— Material for the task —
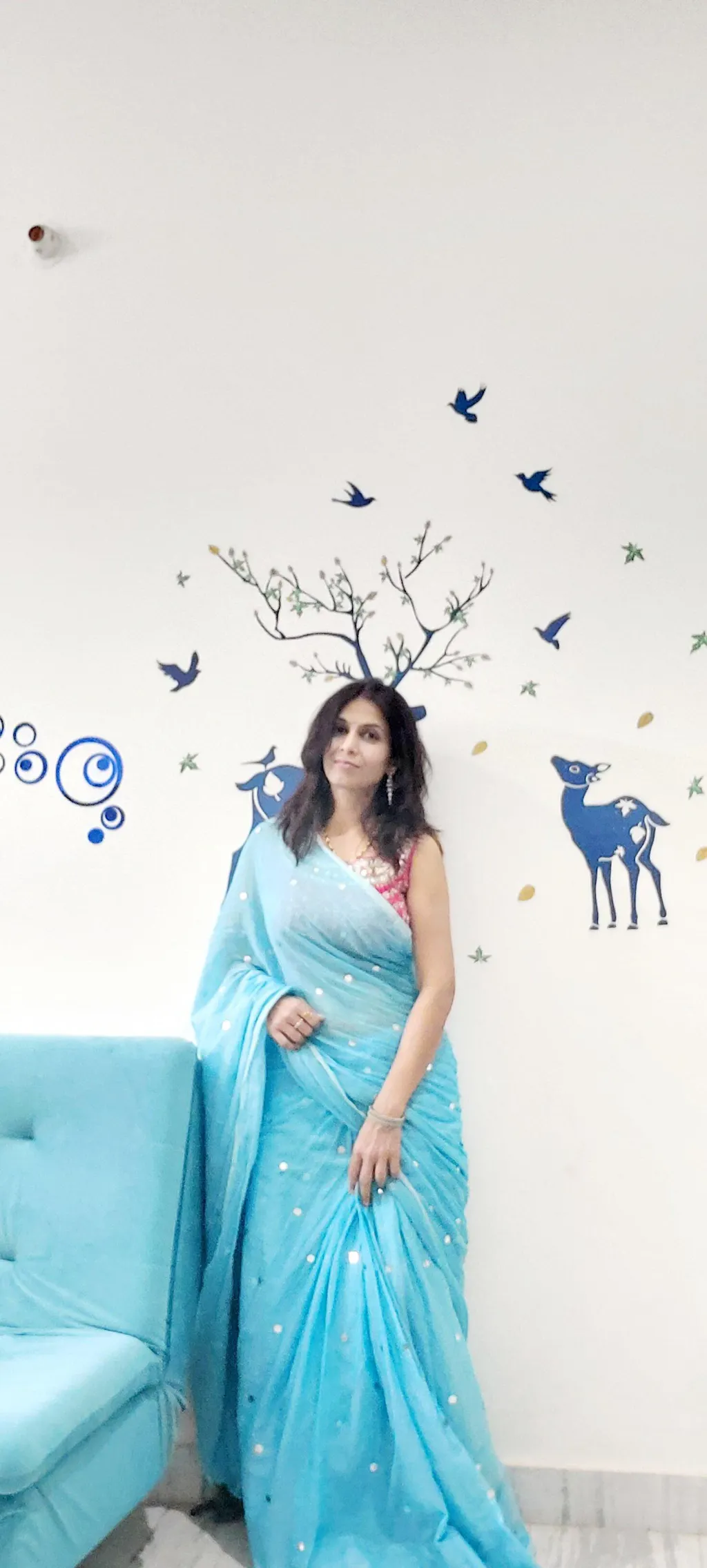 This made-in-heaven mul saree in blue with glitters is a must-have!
---
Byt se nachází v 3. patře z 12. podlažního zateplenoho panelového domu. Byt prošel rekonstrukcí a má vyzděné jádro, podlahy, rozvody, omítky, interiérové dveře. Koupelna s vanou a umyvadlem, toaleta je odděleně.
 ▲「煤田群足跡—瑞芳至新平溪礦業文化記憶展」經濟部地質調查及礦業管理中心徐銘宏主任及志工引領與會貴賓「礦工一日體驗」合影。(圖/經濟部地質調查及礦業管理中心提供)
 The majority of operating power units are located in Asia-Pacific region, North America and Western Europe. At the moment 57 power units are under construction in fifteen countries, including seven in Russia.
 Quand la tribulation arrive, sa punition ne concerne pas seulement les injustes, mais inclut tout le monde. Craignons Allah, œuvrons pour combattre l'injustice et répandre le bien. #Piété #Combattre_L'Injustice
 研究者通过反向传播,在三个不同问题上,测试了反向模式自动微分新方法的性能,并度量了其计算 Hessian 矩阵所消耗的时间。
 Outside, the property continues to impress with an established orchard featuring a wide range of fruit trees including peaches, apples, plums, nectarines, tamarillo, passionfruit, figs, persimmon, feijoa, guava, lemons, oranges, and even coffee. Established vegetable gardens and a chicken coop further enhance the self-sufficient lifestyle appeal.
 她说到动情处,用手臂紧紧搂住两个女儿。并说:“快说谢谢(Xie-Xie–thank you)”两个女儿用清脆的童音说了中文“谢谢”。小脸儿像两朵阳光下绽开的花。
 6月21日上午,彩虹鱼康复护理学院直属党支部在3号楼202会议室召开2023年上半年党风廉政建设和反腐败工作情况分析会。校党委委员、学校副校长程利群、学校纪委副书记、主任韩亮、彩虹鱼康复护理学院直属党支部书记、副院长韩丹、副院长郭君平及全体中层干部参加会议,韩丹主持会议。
---
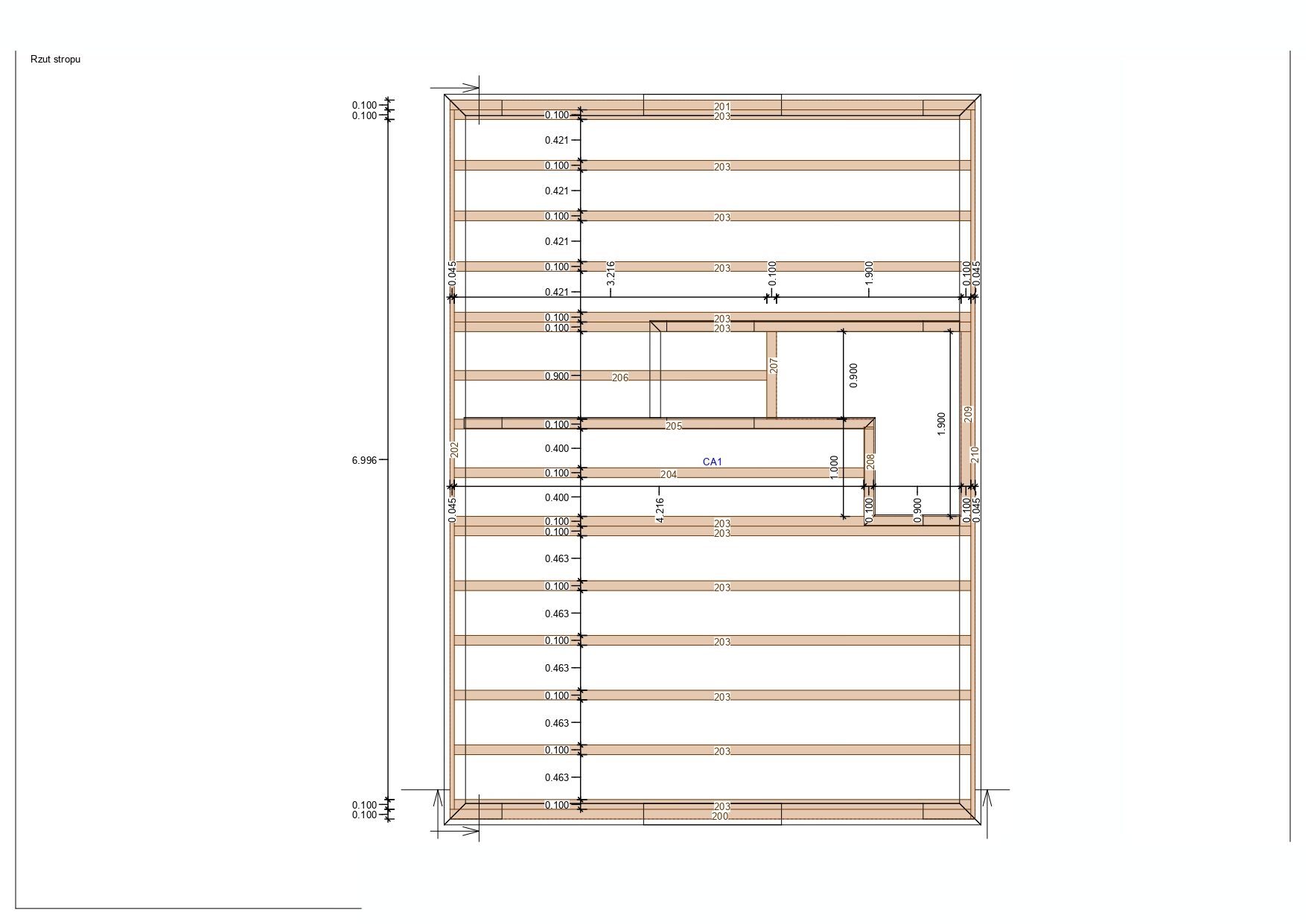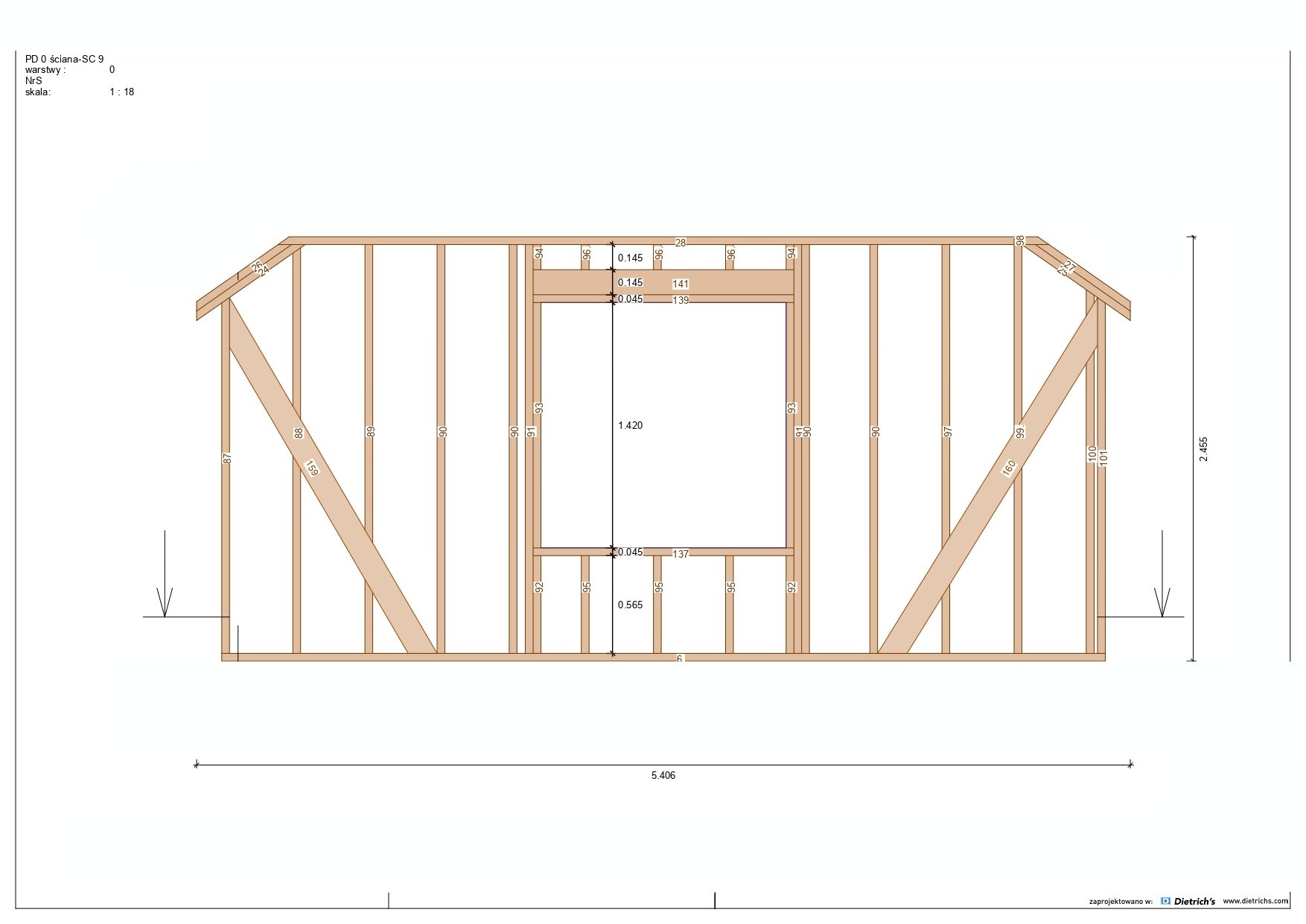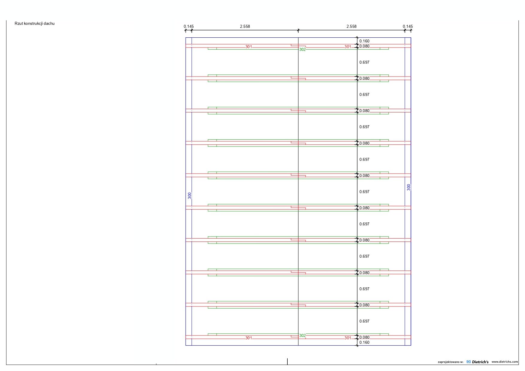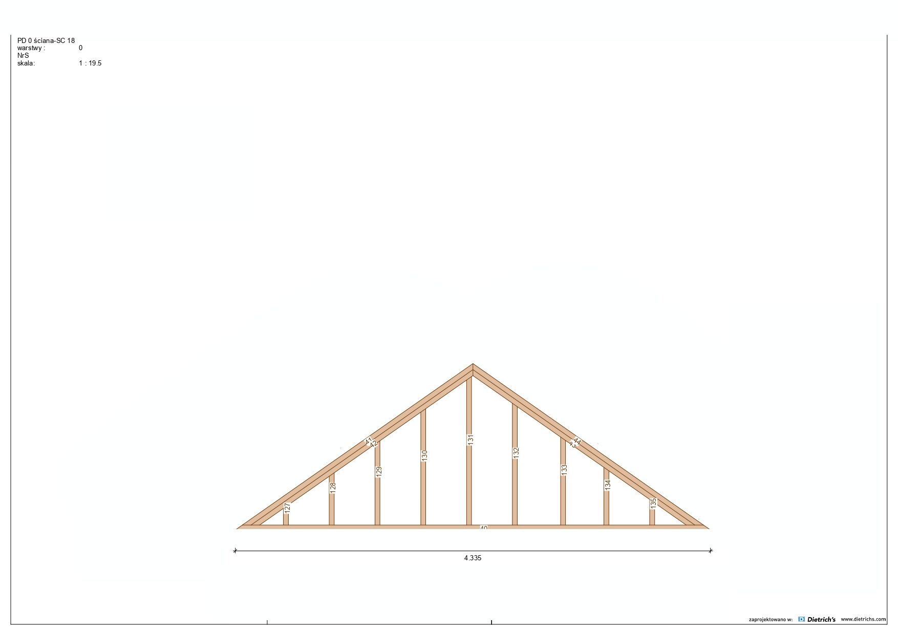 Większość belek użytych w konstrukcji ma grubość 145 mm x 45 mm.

— Task objective —
Return exactly the lines above from the line that has "她说到动情处,用手臂紧紧搂住" through the line that has "6月21日上午,彩虹鱼康复护", inclusive, and nothing else.

— Output of the task —
 她说到动情处,用手臂紧紧搂住两个女儿。并说:“快说谢谢(Xie-Xie–thank you)”两个女儿用清脆的童音说了中文“谢谢”。小脸儿像两朵阳光下绽开的花。
 6月21日上午,彩虹鱼康复护理学院直属党支部在3号楼202会议室召开2023年上半年党风廉政建设和反腐败工作情况分析会。校党委委员、学校副校长程利群、学校纪委副书记、主任韩亮、彩虹鱼康复护理学院直属党支部书记、副院长韩丹、副院长郭君平及全体中层干部参加会议,韩丹主持会议。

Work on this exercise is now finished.